###  Formatting a CSV into a DataFrame¶
In the previous version of this notebook, some gymnastics were required to read my small csv into Spark. That would be much easier today using Spark 2.X than it was with 1.4, there's also the fact that Databricks makes it very simple to use their data importer to access data from Amazon's S3. I've simply used their [web GUI to create a table](https://docs.databricks.com/user-guide/tables.html) named "realestate" that can be read with Spark SQL, and from there, all the goodness of Spark dataframes is available to me.

In [2]:
df = sqlContext.sql("SELECT * FROM realestate")

Spark leverages "lazy" execution, so nothing has been executed yet. We can force spark to do some work and take a peak at the data by calling "take" on our dataframe. A take of 5 shows the first 5 rows from our original csv. Again, if you read the older version of this tutorial, you will see that this is skipping through a lot of logic for converting between RDD's and dataframes that was a real inconvenience back in the day.

In [4]:
df.take(5)

Although the dataframe responds to some RDD syntax such as 'take', the formatting is not especially readable. For a more readable view, try 'show'. Having tried take and show on some much larger data sets too, they seem to be executed differently. Show is sometimes executed in a tiny fraction of the time of take.

In [6]:
df.show(5)

## Pandas
When working in Spark with Python, there is also an easy option to convert to Pandas on the fly, assuming your dataframe is small enough that it could be held in memory.
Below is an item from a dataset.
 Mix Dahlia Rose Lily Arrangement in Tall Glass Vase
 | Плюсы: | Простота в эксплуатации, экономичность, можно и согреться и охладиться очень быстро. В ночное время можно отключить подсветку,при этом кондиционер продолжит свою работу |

Pandas dataframes can also be converted to Spark dataframes.

In [8]:
df.toPandas().head()

## Dataframe operations¶
Once you have converted to a dataframe, many operations like selecting rows/columns and doing counts becomes much easier. Keep in mind that Spark dataframes are not mutable. For example, if we'd like a dataframe with only the homes in zip code 95815, the syntax should be very comfortable for Pandas and R users.

In [10]:
favorite_zip = df[df.zip == 95815]
favorite_zip.show(5)

It's also straightforward to choose a subset of columns from your dataframe by calling '.select' on that dataframe.

In [12]:
df.select('city','beds').show(10)

Here's a count of how many houses have different numbers of bedrooms. Note that some houses seem to have 0 beds, which should be impossible. We'll keep that in mind for later.

In [14]:
df.groupBy("beds").count().show()

Describe allows us to retrieve summary statistics on one or more columns. Results are returned in a dataframe, so .show() is necessary to see them. Not only are some of the bed values 0, but baths and square feet each have mins of zero, which are bad data points.

In [16]:
df.describe(['baths', 'beds','price','sq__ft']).show()
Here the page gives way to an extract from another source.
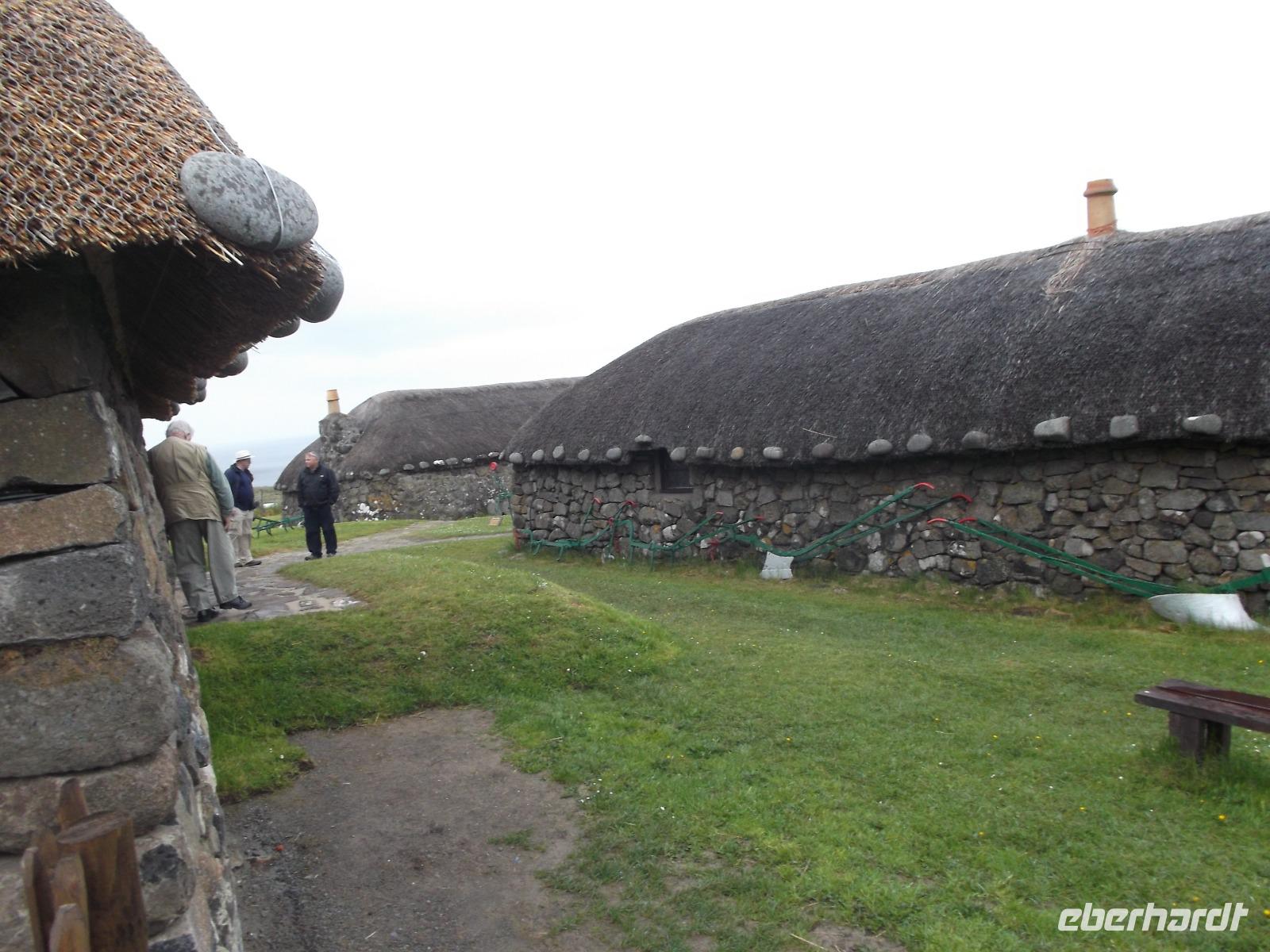 Der letzte für den Nachmittag geplante Programmpunkt war der Besuch des „Isle of Skye Museum". In diesem Freilichtmuseums kann man in den traditionellen „Black Houses" durch eine lebendige Ausstellung die Lebensweise vergangener Jahrhunderte auf den Hebriden Nachvollziehen. Hier war auch Gelegenheit, das nicht weit entfernt liegende Grab der schottischen Nationalheldin Flora McDonald zu besuchen. Sie hatte einst dem vor seinen Verfolgern fliehenden „bonnie Prince Charlie", dem Anführer der bei Culloden 1746 geschlagenen Jakobiten, das Leben gerettet und ihm die Flucht ins französische Exil ermöglicht.
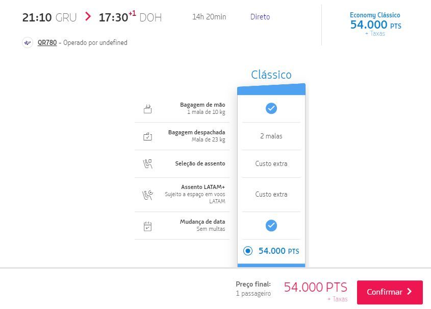 Lembrando que também é possível emitir voos da Qatar Airways com pontos e milhas de outros programas de fidelidade, em especial de companhias da oneworld, como o AAdvantage (American Airlines), Executive Club (British Airways) ou Iberia Plus (Iberia), por exemplo.

I'm curious to take a look at the distribution of house prices too. I see that we've got a house that sold for $1551 on the low end and one for $884,790 on the high end. Databricks notebooks do allow you to use Matplotlib. The limitation seems to be that you have to bring whatever you are plotting into memory with something like Pandas, so this wouldn't work for big data without sampling aggregating first (if you know of a way plotting directly from a Spark dataframe, please post in the comments).

In [18]:
import matplotlib.pyplot as plt
fig, ax = plt.subplots()
plt.hist(df.toPandas()['price'], bins = 25)
plt.xlabel('US Dollars')
plt.title('Distribution of Sacramento Home Prices ')
display(fig)

Looks like we've got a right skewed distribution here with some outliers on the left as well. As a simple response to this for our exploratory model, later we'll remove prices below $50,000 or above $450,000.
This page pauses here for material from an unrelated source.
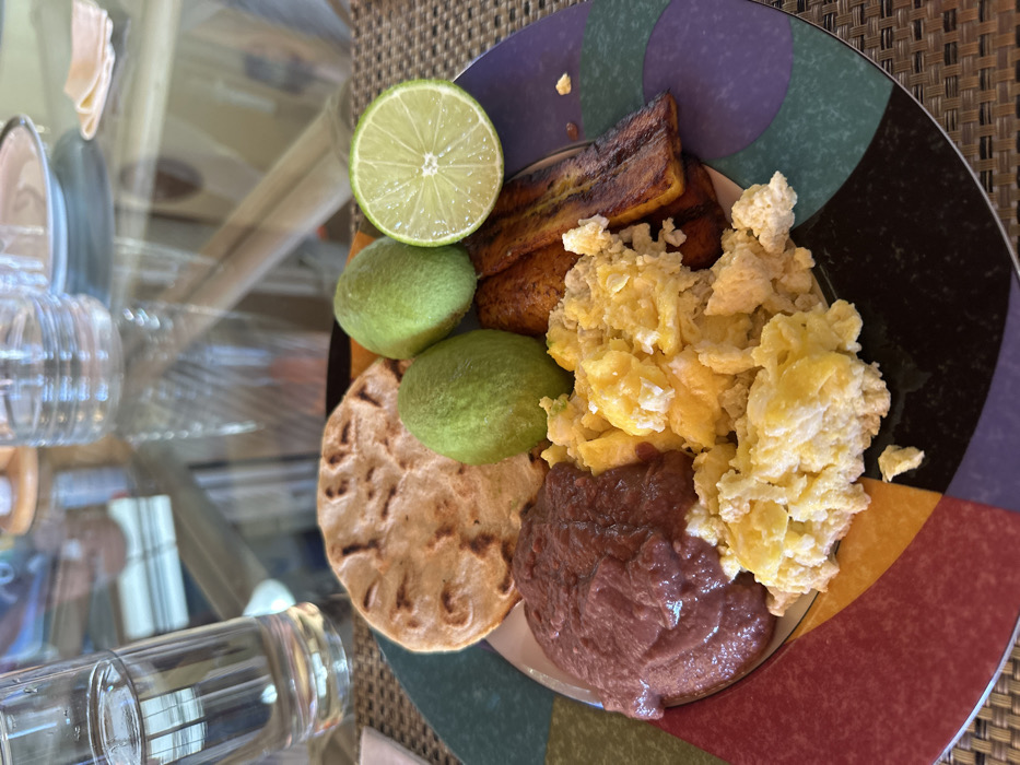 The image displays a meal set on a table, observed from a slightly elevated perspective, likely within a dining area in San Salvador, El Salvador

### Regression with SparkML
As opposed to the previous iteration of this notebook where I used the RDD API for MLlib, this time I'll be using dataframes. Let's do a very simple linear regression.

In [21]:
from pyspark.ml.regression import LinearRegression
from pyspark.ml.feature import VectorAssembler

I'll start by creating a dataframe df that has only the subset of features I'm interested in. I'm going to predict home price from the number of baths, beds, and square feet.

In [23]:
df = df.select('price','baths','beds','sq__ft')

Let's remove those rows that have suspicious 0 values for any of the features we want to use for prediction and some of the more extreme house prices to get something closer to a normal distribution

In [25]:
df = df[df.baths > 0]
df = df[df.beds > 0]
df = df[df.sq__ft > 0]
df = df[df.price >  50000]
df = df[df.price < 400000]
df.describe(['baths','beds','price','sq__ft']).show()

Instantiate a vector assembler object that will vectorize all of the feature columns that we are interested in using in our model.

In [27]:
features = ["baths","beds","sq__ft"]
assembler = VectorAssembler(
    inputCols=features,
    outputCol='features')

Now create a new dataframe with our vector assembled. Spark wants a column containing feature vectors in order to train a model.

In [29]:
assembled_df = assembler.transform(df)
assembled_df.show(5)

Perform a train/test split of our data.

In [31]:
train, test = assembled_df.randomSplit([0.6, 0.4], seed=0)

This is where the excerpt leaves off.